May. 4, 2011
The telecommunications companies that own the Isis mobile-payments joint venture have apparently given up on the idea of creating their own merchant network and instead are redirecting their efforts on a mobile wallet, according to a published report. If confirmed, the Isis move means that the existing payment card networks and not upstarts will command the dominant positions as mobile payments move haltingly from the drawing board and tests and into the payments mainstream in the next few years.
Citing unnamed sources, The Wall Street Journal reported Wednesday that AT&T Inc., Verizon Wireless and T-Mobile USA were “scaling back” their Isis joint venture that they hoped would compete with Visa Inc. and MasterCard Inc. and generate transaction revenues from payments. Isis is based on near-field communication (NFC), a form of contactless technology that replaces debit and credit cards with mobile phones that can make a payment when tapped on or near a terminal that exchanges data with the phone’s NFC chip. Initial plans called for transactions to be routed over the Discover Financial Services network, with Barclaycard’s U.S. unit as the first issuer of Isis accounts. Instead, Isis is now talking with Visa and MasterCard about a so-called mobile wallet embedded in mobile phones that would store consumer information and work with various networks, according to the Journal.
As has been the case since last November when the carriers announced Isis’s formation, much about the joint venture remains shrouded in mystery. Isis did not respond to several Digital Transactions News requests for comment.

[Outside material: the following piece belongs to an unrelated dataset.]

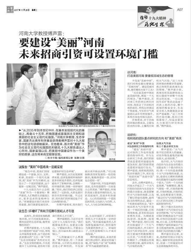 “建设‘美丽中国’,这对我的工作也有很重要的指导作用。作为生态研究工作者,我们的职责就是要把环境建设得更加美好,我们的职责就是要把环境进行优化。”傅声雷说,他和他的团队现在所做的工作,和打造“美丽河南”“美丽中国”息息相关。

“If the reporting is accurate then what they’re doing is moving from a network that competes with Visa, MasterCard and others to a wallet system that works with multiple networks,” says payments consultant Todd Ablowitz, president of Centennial, Colo.-based Double Diamond Group.
Isis so far has announced just one merchant, the Salt Lake City-based Utah Transit Authority. “This is another example of how hard it is for new intermediaries--handset makers, carriers, Google, etc.--to insert themselves into the payment process,” says Richard K. Crone, chief executive of San Carlos, Calif.-based Crone Consulting LLC, via e-mail.
The UTA is the nation’s only transit system that accepts general-purpose contactless cards, though such cards currently account for only a small fraction of its fares. A UTA spokesperson tells Digital Transactions News by e-mail that the agency still expects to launch Isis in 2012’s first quarter. “No change in plans from UTA’s perspective,” he says.
Visa declined to comment. A MasterCard spokesperson says by e-mail only that “mobile is a priority area at MasterCard. We are in discussions with all players in the mobile-payments ecosystem.”
Exactly what Isis’s mobile wallet will do, and how the carriers will make money from it, is unclear. Ablowitz, who earlier noted that merchants weren’t too keen on Isis’s initial pricing plans, says Isis might be able to attract merchants with electronic coupons that build business. “If they’re trying to value-add with coupons, at least they can make the argument that they’re not adding to retailer costs.”
Despite their apparent retreat from core payments, the carriers still control a valuable piece of real estate on mobile phones, the subscriber identity module (SIM) card. While technology is available that lets SIM cards and NFC chipsets communicate, some mobile carriers prefer to use the SIM card as the so-called secure element that could house virtual payment cards and other media. “SIM is the wireless carriers’ sacred ground and walled garden that they completely control,” says Crone. “The wireless carriers will use the SIM card to assure their financial participation in any NFC payment scheme, with or without their own payment network.”
A Discover spokesperson downplayed the Isis news, noting in an e-mailed statement that Isis “had already indicated that it was making its wallet available to all merchants, banks, networks and carriers. Our role will continue to be in the processing of mobile payments that run over the Discover network. Isis remains a key component of our mobile strategy.”